Collected data entries:
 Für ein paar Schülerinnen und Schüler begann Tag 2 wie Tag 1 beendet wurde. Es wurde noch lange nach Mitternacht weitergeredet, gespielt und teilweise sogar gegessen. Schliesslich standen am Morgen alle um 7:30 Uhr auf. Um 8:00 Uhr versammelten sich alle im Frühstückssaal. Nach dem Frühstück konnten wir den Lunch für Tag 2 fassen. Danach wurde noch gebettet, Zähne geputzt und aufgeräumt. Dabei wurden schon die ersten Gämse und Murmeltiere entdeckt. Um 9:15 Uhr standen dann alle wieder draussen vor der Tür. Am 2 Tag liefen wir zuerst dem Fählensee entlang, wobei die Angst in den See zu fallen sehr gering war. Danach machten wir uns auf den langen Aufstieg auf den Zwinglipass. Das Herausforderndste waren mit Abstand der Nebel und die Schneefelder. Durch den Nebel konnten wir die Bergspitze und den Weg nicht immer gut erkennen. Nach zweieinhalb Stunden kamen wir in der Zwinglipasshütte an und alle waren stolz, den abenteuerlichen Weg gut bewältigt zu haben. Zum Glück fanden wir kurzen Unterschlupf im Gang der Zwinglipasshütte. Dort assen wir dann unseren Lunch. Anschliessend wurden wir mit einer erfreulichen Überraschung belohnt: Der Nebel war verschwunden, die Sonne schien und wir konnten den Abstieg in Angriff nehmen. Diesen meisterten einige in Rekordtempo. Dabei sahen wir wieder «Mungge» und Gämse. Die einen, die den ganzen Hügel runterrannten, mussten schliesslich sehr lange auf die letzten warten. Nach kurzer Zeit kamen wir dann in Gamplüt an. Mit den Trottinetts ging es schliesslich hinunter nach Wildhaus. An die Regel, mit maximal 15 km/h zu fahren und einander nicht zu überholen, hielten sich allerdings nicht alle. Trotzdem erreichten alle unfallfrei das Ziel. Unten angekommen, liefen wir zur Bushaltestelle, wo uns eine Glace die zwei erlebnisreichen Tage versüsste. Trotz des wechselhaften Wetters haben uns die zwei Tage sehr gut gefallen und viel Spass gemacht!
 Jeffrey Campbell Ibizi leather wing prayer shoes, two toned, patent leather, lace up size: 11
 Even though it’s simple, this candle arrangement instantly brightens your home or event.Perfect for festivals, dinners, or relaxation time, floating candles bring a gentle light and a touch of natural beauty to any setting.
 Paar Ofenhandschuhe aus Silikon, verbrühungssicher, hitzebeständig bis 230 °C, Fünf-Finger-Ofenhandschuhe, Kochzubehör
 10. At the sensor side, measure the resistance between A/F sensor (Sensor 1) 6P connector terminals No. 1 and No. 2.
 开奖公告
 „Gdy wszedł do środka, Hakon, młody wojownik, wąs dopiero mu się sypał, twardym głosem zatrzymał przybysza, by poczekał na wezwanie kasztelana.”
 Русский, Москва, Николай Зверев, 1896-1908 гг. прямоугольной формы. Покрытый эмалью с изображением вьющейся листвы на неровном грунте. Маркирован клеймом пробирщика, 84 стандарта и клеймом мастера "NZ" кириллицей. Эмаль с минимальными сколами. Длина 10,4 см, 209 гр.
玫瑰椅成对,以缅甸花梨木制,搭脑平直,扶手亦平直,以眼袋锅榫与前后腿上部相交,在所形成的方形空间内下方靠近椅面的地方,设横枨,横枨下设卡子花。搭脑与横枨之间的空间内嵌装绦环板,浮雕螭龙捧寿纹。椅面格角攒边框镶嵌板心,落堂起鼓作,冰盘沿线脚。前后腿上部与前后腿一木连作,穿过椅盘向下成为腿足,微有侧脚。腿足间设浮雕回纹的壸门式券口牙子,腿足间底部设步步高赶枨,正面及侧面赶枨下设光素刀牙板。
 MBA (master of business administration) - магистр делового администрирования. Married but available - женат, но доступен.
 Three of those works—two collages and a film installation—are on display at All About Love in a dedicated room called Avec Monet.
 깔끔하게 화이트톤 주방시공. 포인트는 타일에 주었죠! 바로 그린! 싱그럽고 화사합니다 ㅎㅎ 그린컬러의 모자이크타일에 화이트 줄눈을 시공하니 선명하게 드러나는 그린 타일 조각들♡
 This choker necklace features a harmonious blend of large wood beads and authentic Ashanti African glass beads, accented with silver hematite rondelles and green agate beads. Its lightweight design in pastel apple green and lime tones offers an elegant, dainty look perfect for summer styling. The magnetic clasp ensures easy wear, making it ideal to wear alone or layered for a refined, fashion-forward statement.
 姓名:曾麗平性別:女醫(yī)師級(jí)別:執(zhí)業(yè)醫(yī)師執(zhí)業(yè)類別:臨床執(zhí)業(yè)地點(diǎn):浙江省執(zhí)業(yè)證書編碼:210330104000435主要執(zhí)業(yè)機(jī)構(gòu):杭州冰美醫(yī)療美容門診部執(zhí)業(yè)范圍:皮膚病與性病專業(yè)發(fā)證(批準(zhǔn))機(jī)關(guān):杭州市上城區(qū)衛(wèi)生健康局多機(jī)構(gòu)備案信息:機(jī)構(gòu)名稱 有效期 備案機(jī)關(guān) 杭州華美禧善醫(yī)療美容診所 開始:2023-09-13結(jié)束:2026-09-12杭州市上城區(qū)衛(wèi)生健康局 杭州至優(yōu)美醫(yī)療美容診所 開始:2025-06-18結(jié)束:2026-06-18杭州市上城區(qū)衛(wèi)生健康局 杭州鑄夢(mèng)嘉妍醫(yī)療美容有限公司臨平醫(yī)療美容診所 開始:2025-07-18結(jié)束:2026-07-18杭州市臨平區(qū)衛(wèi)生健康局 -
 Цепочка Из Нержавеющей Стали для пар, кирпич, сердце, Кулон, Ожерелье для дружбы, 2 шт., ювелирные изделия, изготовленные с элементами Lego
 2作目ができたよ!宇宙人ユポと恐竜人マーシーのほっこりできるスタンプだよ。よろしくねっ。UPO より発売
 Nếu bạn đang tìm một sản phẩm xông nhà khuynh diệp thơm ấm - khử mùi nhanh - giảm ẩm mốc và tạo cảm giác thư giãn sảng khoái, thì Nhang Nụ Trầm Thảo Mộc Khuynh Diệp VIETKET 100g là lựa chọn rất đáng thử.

**TASK GOAL:** Every record above is to be written out exactly.

**WRITTEN REPLY:**
 Für ein paar Schülerinnen und Schüler begann Tag 2 wie Tag 1 beendet wurde. Es wurde noch lange nach Mitternacht weitergeredet, gespielt und teilweise sogar gegessen. Schliesslich standen am Morgen alle um 7:30 Uhr auf. Um 8:00 Uhr versammelten sich alle im Frühstückssaal. Nach dem Frühstück konnten wir den Lunch für Tag 2 fassen. Danach wurde noch gebettet, Zähne geputzt und aufgeräumt. Dabei wurden schon die ersten Gämse und Murmeltiere entdeckt. Um 9:15 Uhr standen dann alle wieder draussen vor der Tür. Am 2 Tag liefen wir zuerst dem Fählensee entlang, wobei die Angst in den See zu fallen sehr gering war. Danach machten wir uns auf den langen Aufstieg auf den Zwinglipass. Das Herausforderndste waren mit Abstand der Nebel und die Schneefelder. Durch den Nebel konnten wir die Bergspitze und den Weg nicht immer gut erkennen. Nach zweieinhalb Stunden kamen wir in der Zwinglipasshütte an und alle waren stolz, den abenteuerlichen Weg gut bewältigt zu haben. Zum Glück fanden wir kurzen Unterschlupf im Gang der Zwinglipasshütte. Dort assen wir dann unseren Lunch. Anschliessend wurden wir mit einer erfreulichen Überraschung belohnt: Der Nebel war verschwunden, die Sonne schien und wir konnten den Abstieg in Angriff nehmen. Diesen meisterten einige in Rekordtempo. Dabei sahen wir wieder «Mungge» und Gämse. Die einen, die den ganzen Hügel runterrannten, mussten schliesslich sehr lange auf die letzten warten. Nach kurzer Zeit kamen wir dann in Gamplüt an. Mit den Trottinetts ging es schliesslich hinunter nach Wildhaus. An die Regel, mit maximal 15 km/h zu fahren und einander nicht zu überholen, hielten sich allerdings nicht alle. Trotzdem erreichten alle unfallfrei das Ziel. Unten angekommen, liefen wir zur Bushaltestelle, wo uns eine Glace die zwei erlebnisreichen Tage versüsste. Trotz des wechselhaften Wetters haben uns die zwei Tage sehr gut gefallen und viel Spass gemacht!
 Jeffrey Campbell Ibizi leather wing prayer shoes, two toned, patent leather, lace up size: 11
 Even though it’s simple, this candle arrangement instantly brightens your home or event.Perfect for festivals, dinners, or relaxation time, floating candles bring a gentle light and a touch of natural beauty to any setting.
 Paar Ofenhandschuhe aus Silikon, verbrühungssicher, hitzebeständig bis 230 °C, Fünf-Finger-Ofenhandschuhe, Kochzubehör
 10. At the sensor side, measure the resistance between A/F sensor (Sensor 1) 6P connector terminals No. 1 and No. 2.
 开奖公告
 „Gdy wszedł do środka, Hakon, młody wojownik, wąs dopiero mu się sypał, twardym głosem zatrzymał przybysza, by poczekał na wezwanie kasztelana.”
 Русский, Москва, Николай Зверев, 1896-1908 гг. прямоугольной формы. Покрытый эмалью с изображением вьющейся листвы на неровном грунте. Маркирован клеймом пробирщика, 84 стандарта и клеймом мастера "NZ" кириллицей. Эмаль с минимальными сколами. Длина 10,4 см, 209 гр.
玫瑰椅成对,以缅甸花梨木制,搭脑平直,扶手亦平直,以眼袋锅榫与前后腿上部相交,在所形成的方形空间内下方靠近椅面的地方,设横枨,横枨下设卡子花。搭脑与横枨之间的空间内嵌装绦环板,浮雕螭龙捧寿纹。椅面格角攒边框镶嵌板心,落堂起鼓作,冰盘沿线脚。前后腿上部与前后腿一木连作,穿过椅盘向下成为腿足,微有侧脚。腿足间设浮雕回纹的壸门式券口牙子,腿足间底部设步步高赶枨,正面及侧面赶枨下设光素刀牙板。
 MBA (master of business administration) - магистр делового администрирования. Married but available - женат, но доступен.
 Three of those works—two collages and a film installation—are on display at All About Love in a dedicated room called Avec Monet.
 깔끔하게 화이트톤 주방시공. 포인트는 타일에 주었죠! 바로 그린! 싱그럽고 화사합니다 ㅎㅎ 그린컬러의 모자이크타일에 화이트 줄눈을 시공하니 선명하게 드러나는 그린 타일 조각들♡
 This choker necklace features a harmonious blend of large wood beads and authentic Ashanti African glass beads, accented with silver hematite rondelles and green agate beads. Its lightweight design in pastel apple green and lime tones offers an elegant, dainty look perfect for summer styling. The magnetic clasp ensures easy wear, making it ideal to wear alone or layered for a refined, fashion-forward statement.
 姓名:曾麗平性別:女醫(yī)師級(jí)別:執(zhí)業(yè)醫(yī)師執(zhí)業(yè)類別:臨床執(zhí)業(yè)地點(diǎn):浙江省執(zhí)業(yè)證書編碼:210330104000435主要執(zhí)業(yè)機(jī)構(gòu):杭州冰美醫(yī)療美容門診部執(zhí)業(yè)范圍:皮膚病與性病專業(yè)發(fā)證(批準(zhǔn))機(jī)關(guān):杭州市上城區(qū)衛(wèi)生健康局多機(jī)構(gòu)備案信息:機(jī)構(gòu)名稱 有效期 備案機(jī)關(guān) 杭州華美禧善醫(yī)療美容診所 開始:2023-09-13結(jié)束:2026-09-12杭州市上城區(qū)衛(wèi)生健康局 杭州至優(yōu)美醫(yī)療美容診所 開始:2025-06-18結(jié)束:2026-06-18杭州市上城區(qū)衛(wèi)生健康局 杭州鑄夢(mèng)嘉妍醫(yī)療美容有限公司臨平醫(yī)療美容診所 開始:2025-07-18結(jié)束:2026-07-18杭州市臨平區(qū)衛(wèi)生健康局 -
 Цепочка Из Нержавеющей Стали для пар, кирпич, сердце, Кулон, Ожерелье для дружбы, 2 шт., ювелирные изделия, изготовленные с элементами Lego
 2作目ができたよ!宇宙人ユポと恐竜人マーシーのほっこりできるスタンプだよ。よろしくねっ。UPO より発売
 Nếu bạn đang tìm một sản phẩm xông nhà khuynh diệp thơm ấm - khử mùi nhanh - giảm ẩm mốc và tạo cảm giác thư giãn sảng khoái, thì Nhang Nụ Trầm Thảo Mộc Khuynh Diệp VIETKET 100g là lựa chọn rất đáng thử.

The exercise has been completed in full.